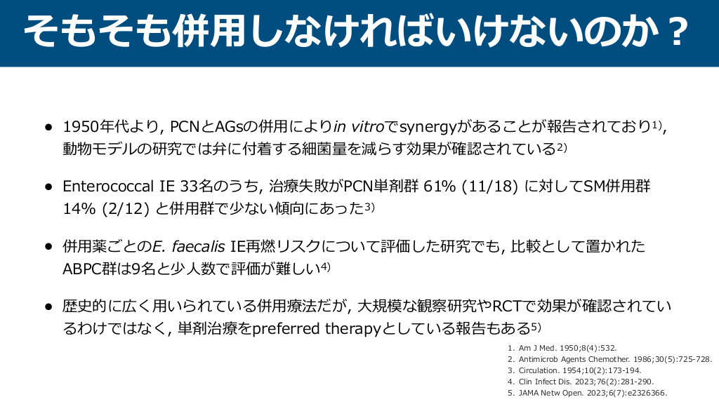 そもそも併 しなければいけないのか? • 1950年代より, PCNとAGsの併 によりin vitroでsynergyがあることが報告されており1), 動物モデルの研究では弁に付着する細菌量を減らす効果が確認されている2) • Enterococcal IE 33名のうち, 治療失敗がPCN単剤群 61% (11/18) に対してSM併 14% (2/12) と併 群で少ない傾向にあった3) • 併 薬ごとのE. faecalis IE再燃リスクについて評価した研究でも, ABPC群は9名と少 数で評価が難しい4) • 歴史的に広く いられている併 療法だが, 規模な観察研究やRCTで効果が確認されてい るわけではなく, 単剤治療をpreferred therapyとしている報告もある5) 較として置かれた Am J Med. 1950;8(4):532. Antimicrob Agents Chemother. 1986;30(5):725-728. Circulation. 1954;10(2):173-194. Clin Infect Dis. 2023;76(2):281-290. JAMA Netw Open. 2023;6(7):e2326366. 用 比 大 用 用 用 人 用 用 1. 2. 3. 4. 5. 用 群 #57.
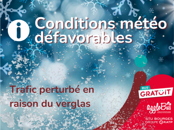 CONDITIONS MÉTÉO DÉFAVORABLES Publié le 03/01/2026 Le réseau // CONDITIONS MÉTÉO DÉFAVORABLES // En raison des conditions météo défavorables, le trafic est perturbé. Soyez prudents, les trottoirs sont parfois aussi gelés que les routes.Restez connectés pour une info actualisée !
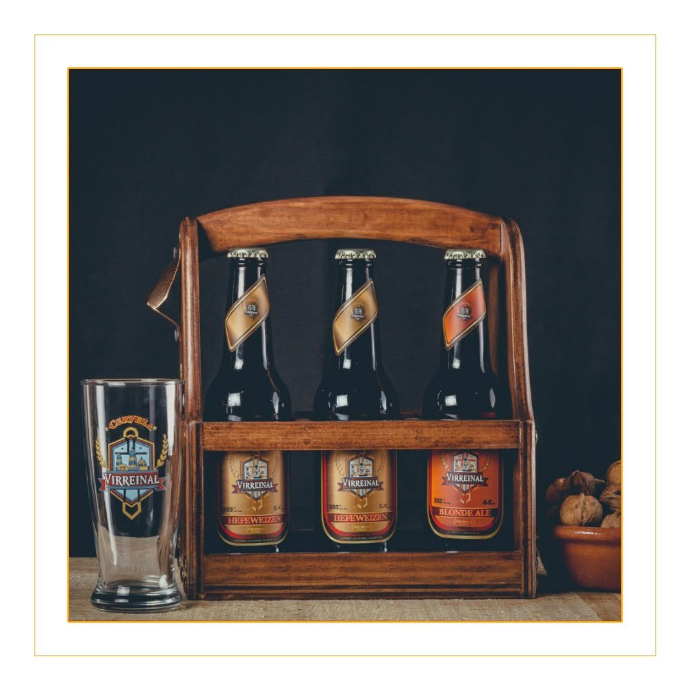 Caja artesanal de madera de 6 piezas que con destapador y logotipos metálicos. Incluye 6 de nuestras cervezas y se puede personalizar con el nombre considerando un tiempo adicional de entrega de 3 semanas.
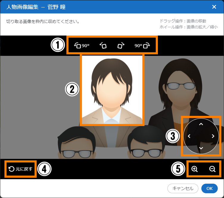 をクリックすると、「人物画像編集」画面が表示され、人物の画像が登録できます。 [ファイル選択]をクリックし、登録する画像を選択してください。必要に応じて画像を切り取り、[登録]をクリックしてください。なお、「人物画像編集」画面で画像を切り取る方法については、「■「人物画像編集」画面での画像の切り取りについて」を参照してください。登録できる画像は、Webブラウザーがサポートしている画像フォーマットのものです。画像を使用する場合は、「人物画像編集」画面の「注意事項」を必ず確認してください。 - 名刺の画像が登録されている場合、クリックすると、名刺の画像が拡大されます。
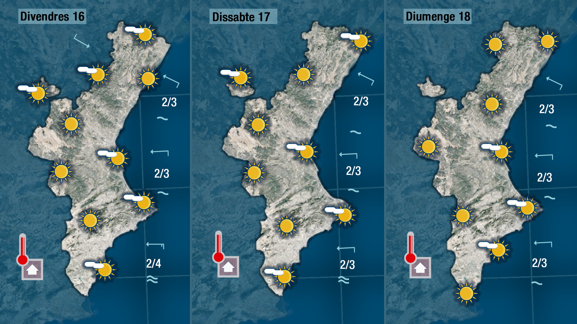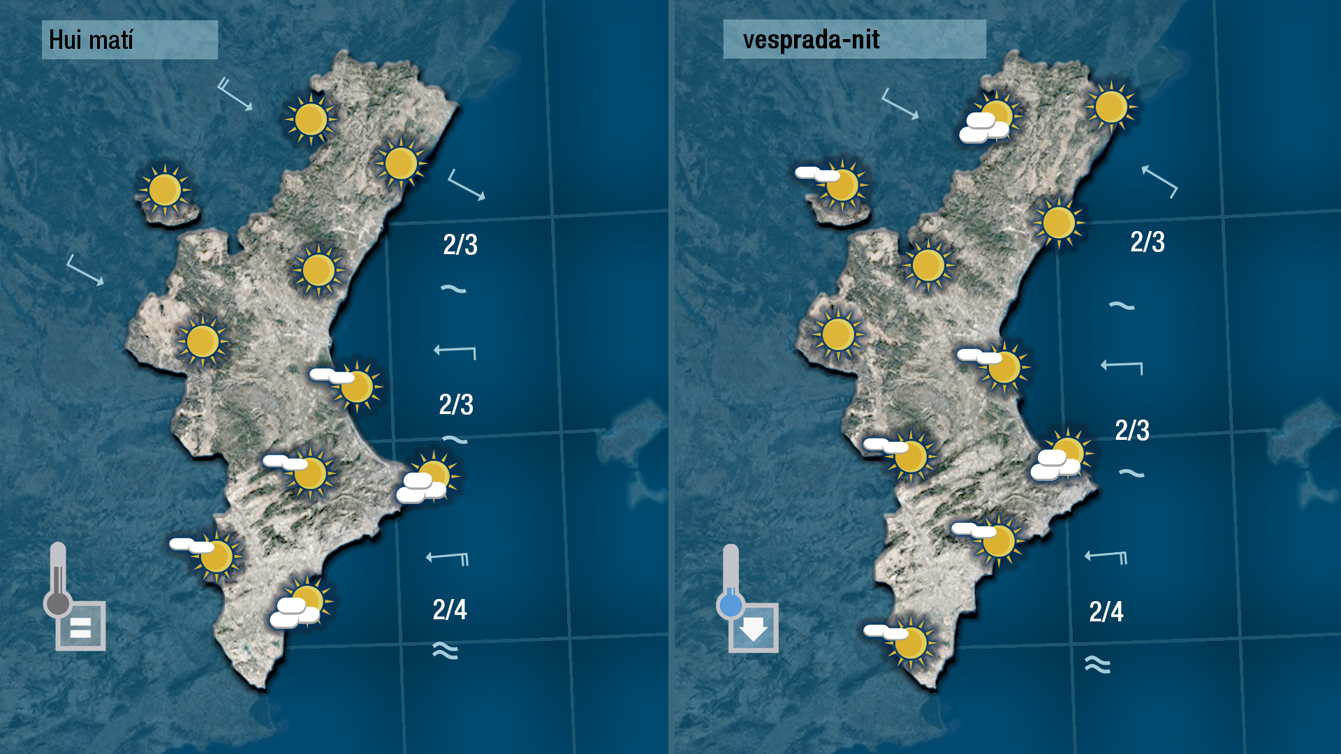 El llevant es deixarà sentir hui amb força al sud, on la mar quedarà més alterada i es voran núvols baixos, sempre més abundants a primera i última hora del dia. Les temperatures no patiran grans canvis al centre i per l’interior, on el valors més alts pujaran fins als 32 o 33 graus, i a la costa quedaran un parell més baixes que ahir.
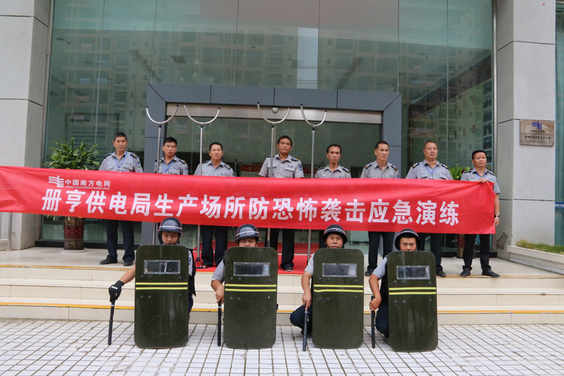 近日,興義冊亨供電局聯(lián)合貴州創(chuàng)諧保安公司在生產調度綜樓場地內模擬一起突發(fā)性恐怖襲擊事件。
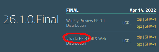 您很可能打算选择上面部分提供的wildfly-preview-26.1.0.Final下载链接,具体标记为Preview。这个服务器是Jakarta 9服务器,它是第一个带有Jakartified名称的服务器(即jakarta.*而不是javax.*),并附带了JSF3.0 (和Servlet5.0)。Jakarta 10的实现将由即将推出的WildFly 27.x提供,目前仍处于Alpha阶段。它将提供面4.0 (和Servlet6.0)。
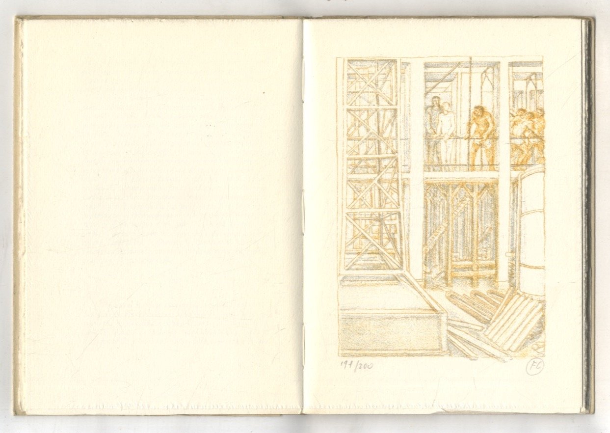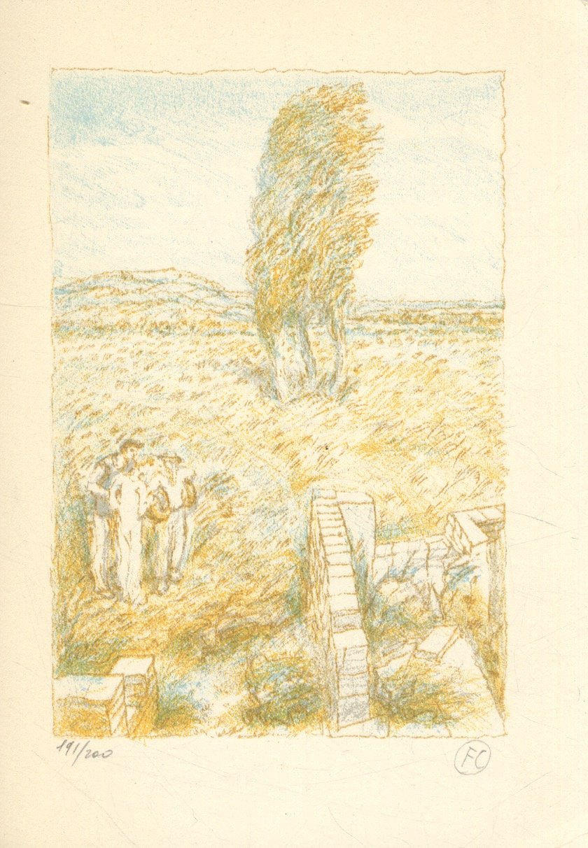 Urbino, Edizioni della Stamperia Posterula, 1976, in-8, cartone editoriale, pp. 60. Edizione di 250 esemplari, 50 in numeri romani, 200 in numeri arabi (ns. copia n. 191), su carta delle Cartiere Magnani di Pescia. Le litografie sono state firmate e numerate dall'autore. Ottime condizioni.
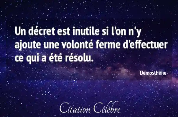 Un décret est inutile si l'on n'y ajoute une volonté ferme d'effectuer ce qui a été résolu.
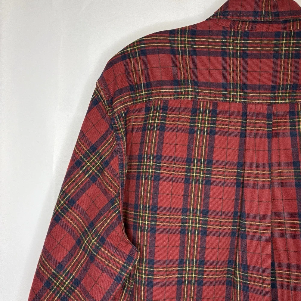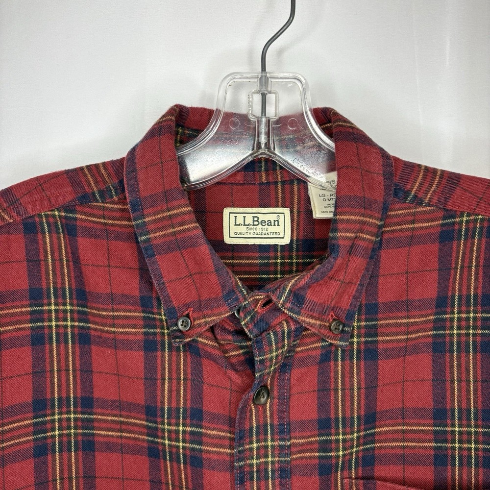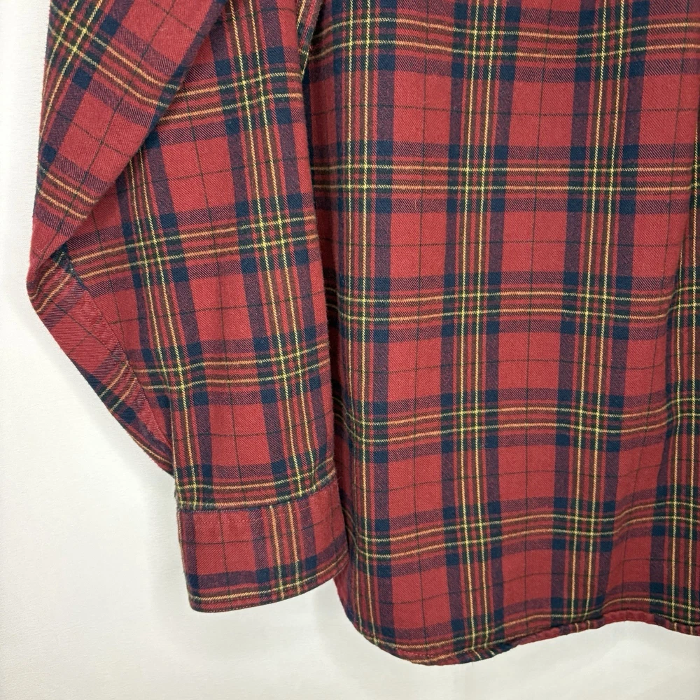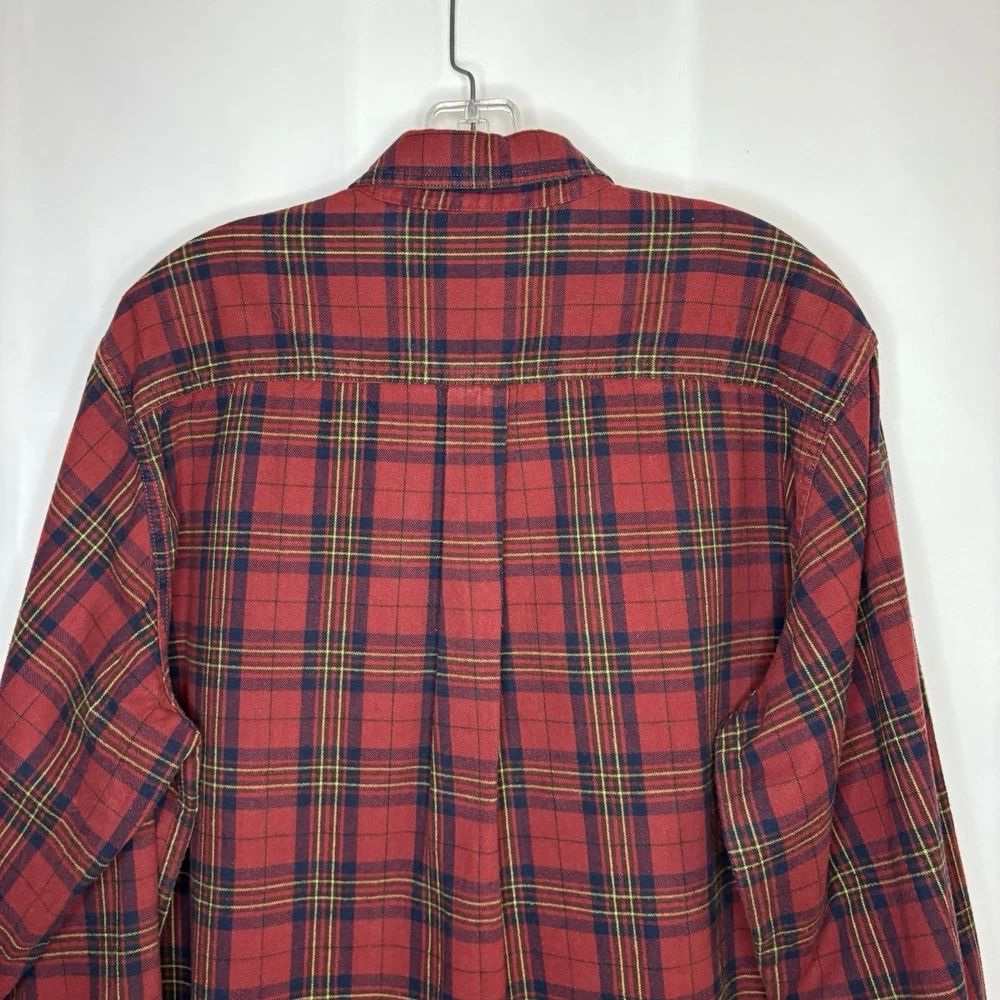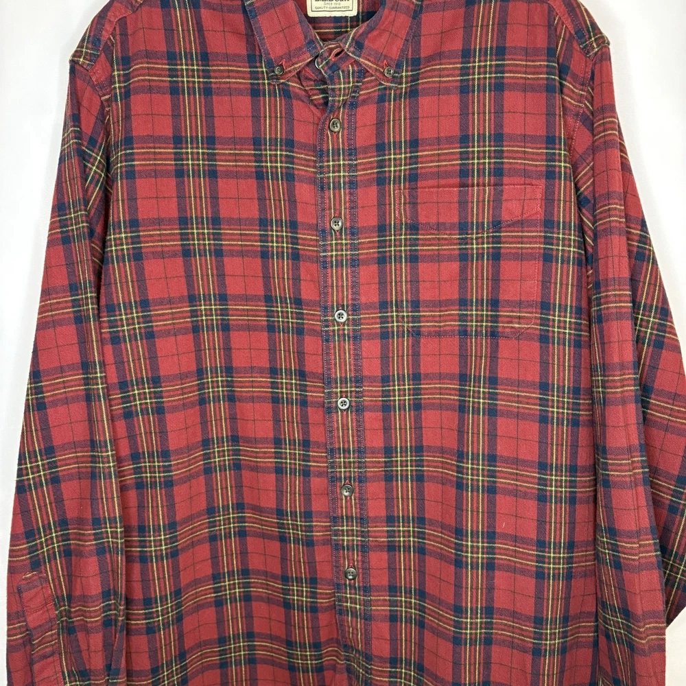 Wrap up in the warmth of this classic LL Bean Men’s Scotch Plaid Flannel Shirt, a timeless addition to your wardrobe. With its long sleeves, collared neckline, and heavy-duty cotton flannel fabric, it’s ideal for those brisk fall days, chilly winter evenings, and even cool spring mornings. The shirt features a vibrant red, navy, and yellow plaid pattern that adds a pop of color to any outfit, making it perfect for casual wear, travel, or even a smart-casual work environment. The shirt is designed for comfort and durability with a regular fit and is machine washable for easy care. It boasts a button-up closure with a stylish point collar and is accentuated with a chest pocket, ensuring your essentials are always within reach. This piece is a versatile garment that combines the rugged charm of an American workwear staple with the timeless elegance of a classic button-up shirt. Length - 30 inch/76.5 cm Chest - 44 inch/112 cm Sleeve - 25 inch/64 cm
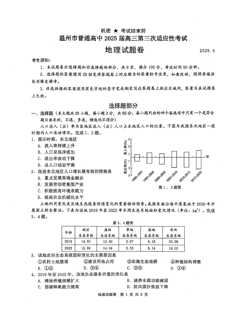 浙江省温州市普通高中2025届高三第三次适应性考试地理
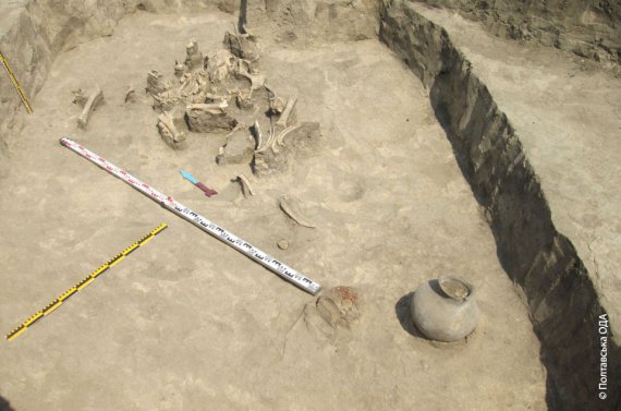В том же году на раскопках в урочище Царская Могила, что на Котелевщине, археологи нашли уникальный целый глиняный сосуд, бронзовые украшения и наконечники стрел.
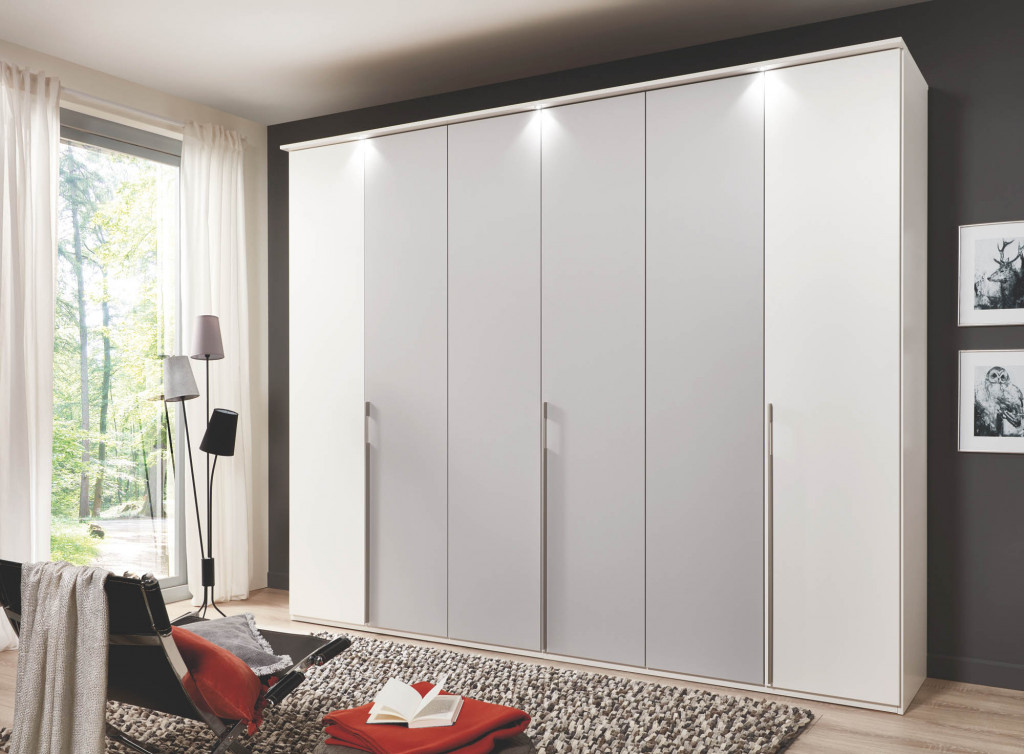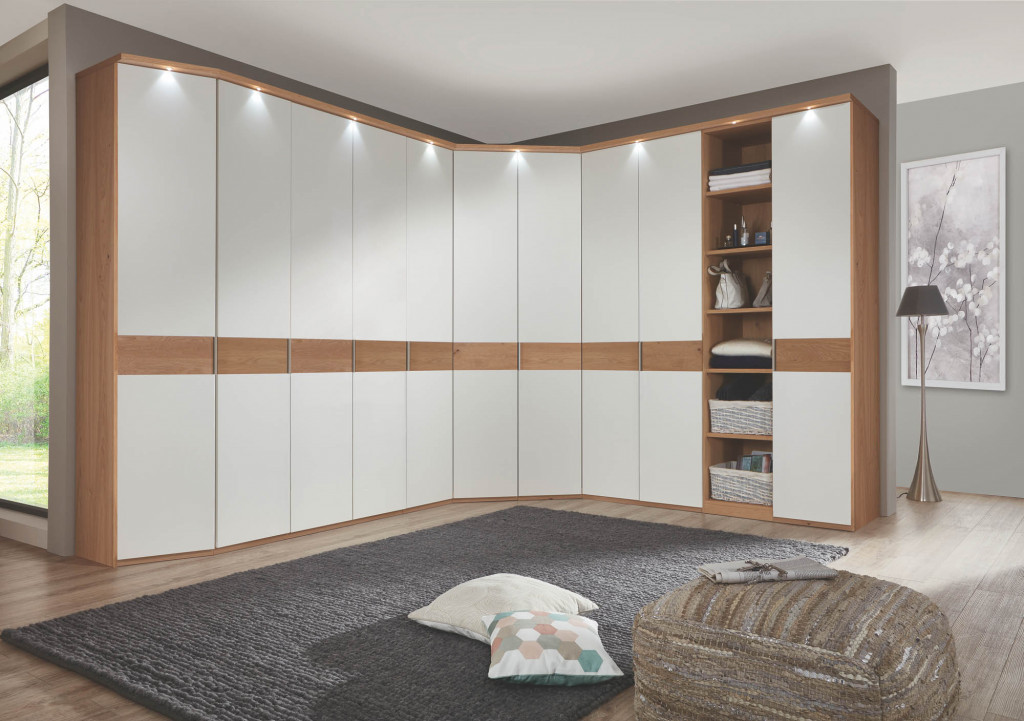 Front mit Bauchbinde, Front Lack weiß, Bauchbinde Wildeiche Riffelholz, Korpus Wildeiche (PG2), Griff N1 nickelfarbig, bestehend aus: 913008 - Schwebetürenschrank, 2-türig, Aufteilung 90/60/60/90 cm, inklusive Schließdämpfer, BHT ca. 301/230,2/68 cm 903009 - Kranzleiste, 19mm, 300 cm Breit 96003 - Wechsel zu echtholzfurnierten Griffleisten
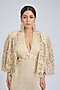 Featuring an ivory jumpsuit in foil jersey and tulle base with embroidered waist belt. It is paired with a hand embroidered cape. Accentuate it with statement earrings and block heels for evening or cocktail soirees.

**WORK TO COMPLETE:** Images are to be excluded, and each record above written out word for word.

**EXERCISE SOLUTION:**
 そもそも併 しなければいけないのか? • 1950年代より, PCNとAGsの併 によりin vitroでsynergyがあることが報告されており1), 動物モデルの研究では弁に付着する細菌量を減らす効果が確認されている2) • Enterococcal IE 33名のうち, 治療失敗がPCN単剤群 61% (11/18) に対してSM併 14% (2/12) と併 群で少ない傾向にあった3) • 併 薬ごとのE. faecalis IE再燃リスクについて評価した研究でも, ABPC群は9名と少 数で評価が難しい4) • 歴史的に広く いられている併 療法だが, 規模な観察研究やRCTで効果が確認されてい るわけではなく, 単剤治療をpreferred therapyとしている報告もある5) 較として置かれた Am J Med. 1950;8(4):532. Antimicrob Agents Chemother. 1986;30(5):725-728. Circulation. 1954;10(2):173-194. Clin Infect Dis. 2023;76(2):281-290. JAMA Netw Open. 2023;6(7):e2326366. 用 比 大 用 用 用 人 用 用 1. 2. 3. 4. 5. 用 群 #57.
 CONDITIONS MÉTÉO DÉFAVORABLES Publié le 03/01/2026 Le réseau // CONDITIONS MÉTÉO DÉFAVORABLES // En raison des conditions météo défavorables, le trafic est perturbé. Soyez prudents, les trottoirs sont parfois aussi gelés que les routes.Restez connectés pour une info actualisée !
 Caja artesanal de madera de 6 piezas que con destapador y logotipos metálicos. Incluye 6 de nuestras cervezas y se puede personalizar con el nombre considerando un tiempo adicional de entrega de 3 semanas.
 をクリックすると、「人物画像編集」画面が表示され、人物の画像が登録できます。 [ファイル選択]をクリックし、登録する画像を選択してください。必要に応じて画像を切り取り、[登録]をクリックしてください。なお、「人物画像編集」画面で画像を切り取る方法については、「■「人物画像編集」画面での画像の切り取りについて」を参照してください。登録できる画像は、Webブラウザーがサポートしている画像フォーマットのものです。画像を使用する場合は、「人物画像編集」画面の「注意事項」を必ず確認してください。 - 名刺の画像が登録されている場合、クリックすると、名刺の画像が拡大されます。
 El llevant es deixarà sentir hui amb força al sud, on la mar quedarà més alterada i es voran núvols baixos, sempre més abundants a primera i última hora del dia. Les temperatures no patiran grans canvis al centre i per l’interior, on el valors més alts pujaran fins als 32 o 33 graus, i a la costa quedaran un parell més baixes que ahir.
 近日,興義冊亨供電局聯(lián)合貴州創(chuàng)諧保安公司在生產調度綜樓場地內模擬一起突發(fā)性恐怖襲擊事件。
 您很可能打算选择上面部分提供的wildfly-preview-26.1.0.Final下载链接,具体标记为Preview。这个服务器是Jakarta 9服务器,它是第一个带有Jakartified名称的服务器(即jakarta.*而不是javax.*),并附带了JSF3.0 (和Servlet5.0)。Jakarta 10的实现将由即将推出的WildFly 27.x提供,目前仍处于Alpha阶段。它将提供面4.0 (和Servlet6.0)。
 Urbino, Edizioni della Stamperia Posterula, 1976, in-8, cartone editoriale, pp. 60. Edizione di 250 esemplari, 50 in numeri romani, 200 in numeri arabi (ns. copia n. 191), su carta delle Cartiere Magnani di Pescia. Le litografie sono state firmate e numerate dall'autore. Ottime condizioni.
 Un décret est inutile si l'on n'y ajoute une volonté ferme d'effectuer ce qui a été résolu.
 Wrap up in the warmth of this classic LL Bean Men’s Scotch Plaid Flannel Shirt, a timeless addition to your wardrobe. With its long sleeves, collared neckline, and heavy-duty cotton flannel fabric, it’s ideal for those brisk fall days, chilly winter evenings, and even cool spring mornings. The shirt features a vibrant red, navy, and yellow plaid pattern that adds a pop of color to any outfit, making it perfect for casual wear, travel, or even a smart-casual work environment. The shirt is designed for comfort and durability with a regular fit and is machine washable for easy care. It boasts a button-up closure with a stylish point collar and is accentuated with a chest pocket, ensuring your essentials are always within reach. This piece is a versatile garment that combines the rugged charm of an American workwear staple with the timeless elegance of a classic button-up shirt. Length - 30 inch/76.5 cm Chest - 44 inch/112 cm Sleeve - 25 inch/64 cm
 浙江省温州市普通高中2025届高三第三次适应性考试地理
В том же году на раскопках в урочище Царская Могила, что на Котелевщине, археологи нашли уникальный целый глиняный сосуд, бронзовые украшения и наконечники стрел.
 Front mit Bauchbinde, Front Lack weiß, Bauchbinde Wildeiche Riffelholz, Korpus Wildeiche (PG2), Griff N1 nickelfarbig, bestehend aus: 913008 - Schwebetürenschrank, 2-türig, Aufteilung 90/60/60/90 cm, inklusive Schließdämpfer, BHT ca. 301/230,2/68 cm 903009 - Kranzleiste, 19mm, 300 cm Breit 96003 - Wechsel zu echtholzfurnierten Griffleisten
 Featuring an ivory jumpsuit in foil jersey and tulle base with embroidered waist belt. It is paired with a hand embroidered cape. Accentuate it with statement earrings and block heels for evening or cocktail soirees.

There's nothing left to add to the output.